By Lori LaFave
I have always loved horses. Always.
Growing up, my family couldn’t afford riding lessons, let alone an actual horse, so I always did what horsey people do – tried to find ways to be around them, to smell them, to touch them, to watch them.
Fast forward, and once I had a job of my own and I had moved to Virginia, I started riding at the age of 22, and purchased my first horse at the age of 25. I did all of the fun horsey stuff; trail rides, local hunter shows, lower level eventing – and just had a blast. Then marriage, career, and two children,as you all know, that wrecks havoc on a riding schedule, so I just enjoyed my horses, rode when I could, and spent as much time with them as my schedule allowed.
Fast forward 30 years. Here I am. I finally have the time to devote to riding as more than just a hobby – I purchased a new horse in August of 2020 and decided I wanted to try this “dressage thing”.
Here is what I learned this past year:
- Buying a new horse is one part matchmaking, one part educated eye, and one part a leap of faith.
- The making of a dressage team (horse and rider) takes a village – trainers, friends, family, veterinarians, farrier, feed store folks, mechanics (when the truck or trailer decides to go kaput), tack stores, riding organizations…. I could go on and on.
- I have NEVER worked so hard, both physically and mentally.

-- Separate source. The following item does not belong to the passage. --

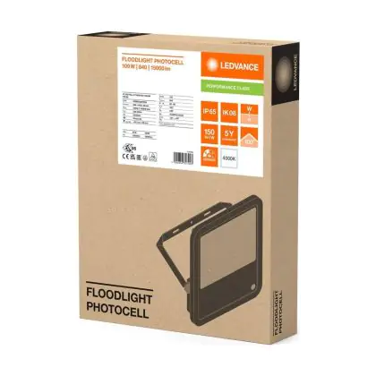 Descrizione Ledvance Proiettore LED Aluminium Nero 100W 15000lm 100D - 840 Bianco Freddo | IP66 - Sensore Di Luce - Simmetrico
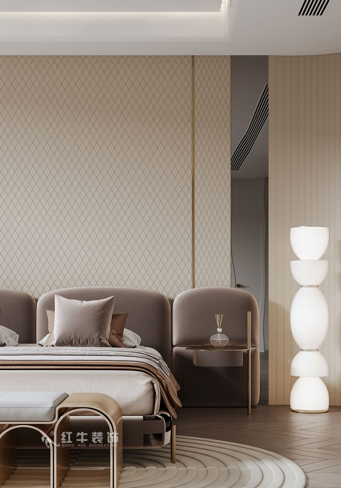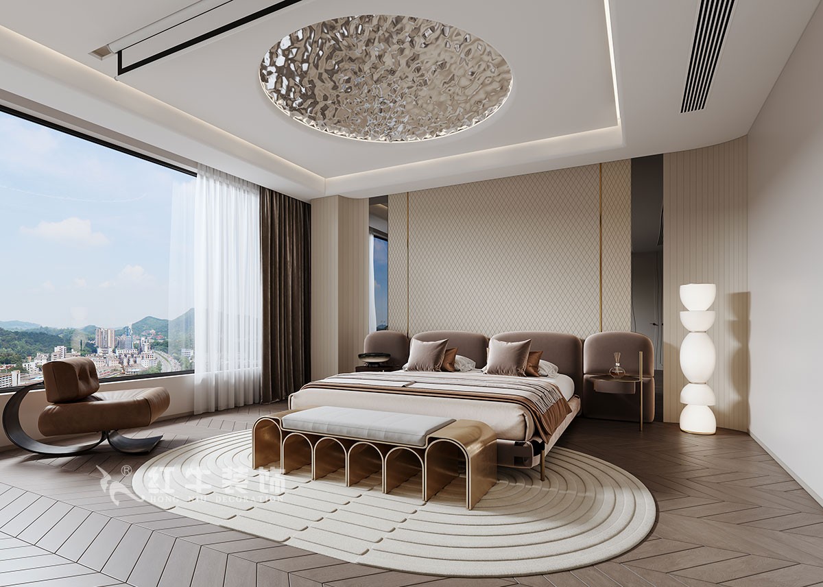 主臥的設計上,用簡單的屏風設計分割出衣帽間,休閑區等功能分區,但是在視覺上并不會顯得擁擠。整體的吊頂進行改動,增加設計風格的體現,無主燈的設計滿足各個空間的照明需求,也讓空間更加簡潔明亮。

- My 50-plus year old body is NOT the same as my 20 plus year old body once was – but I ride smarter.
- Being new to the dressage world, I volunteered; I scribed, I was a ring steward, I set up and took down for shows. Why? To learn. I have met the most amazing judges, riders, volunteers, and “horse people”!
- I have also witnessed the most touching moments while volunteering – the young girl that had trained her OTTB and was so proud to show him in an Intro class – with her parents looking on (all of us with tears in our eyes at her final salute at X). Or, the para rider that a judge was so complimentary of after her test that she literally grew in stature in the saddle as she left the arena. My favorite though, might be the dad who came running up to the arena to watch his teenage daughter – and he said to me “I don’t understand any of this, but, gosh it’s beautiful – isn’t it?” Yes sir, it is.
- Every show I have been at (whether as a competitor or as a volunteer), I have made it a point to meet the Technical Delegate. Why? Why not? They are a wealth of knowledge, and I have so many questions. Some of my questions are about tack, some are about proper show etiquette, I want to know it all! At one show during a break, the TD and I sat in her golf cart and we showed each other pictures of our horses and kids, and we giggled like school girls – why? Because if you are involved in this sport, you LOVE horses – and you always want to show pictures and tell horse stories!
- Above all – no matter how competitive you are – it is always ALL about your horse. Always. I have withdrawn in the middle of a test because my horse took a very bad step in horrible rainy conditions. Did I want to continue to get that much needed qualifying score? Of course. Did I? No. My partner was giving his all, and he couldn’t give his best at that moment, so we pulled up and waited for another day.
- Noticing and being kind to the people around you at shows, in the barn – matters. This sport is hard. I have told people I do not know what a lovely test they just rode, or that their horse is magical to watch, or that they are turned out like champions – and I have meant EVERY word. To see them sparkle when I have made these comments, well, it is a special moment. (AND I ALWAYS THANK THE VOLUNTEERS AT SHOWS WHEN I ENTER AND EXIT!!!)
- I have made new lifelong friends. What an unexpected treasure this has been! Dressage folks are intense, driven and loyal. I am so honored to be a part of this world and these people.
- Winning is nice – ok, heck, it’s wonderful – who doesn’t want a ribbon? But we are ALL on our own path in this sport, and maybe today you just had to make it down that centerline, or control your horse in your canter circle to feel like an Olympic champion. It’s the moments – and the biggest thing I have learned this year – is to cherish each and every moment I get to be on my horse, or around him. These horses are absolute miracles, and I am amazed, always, that they allow us to be a part of their world.
Year one was fabulous……..I can’t wait to see where the journey takes us and I can’t wait for year two! I look forward to seeing you all out there, thanks for making year one so memorable!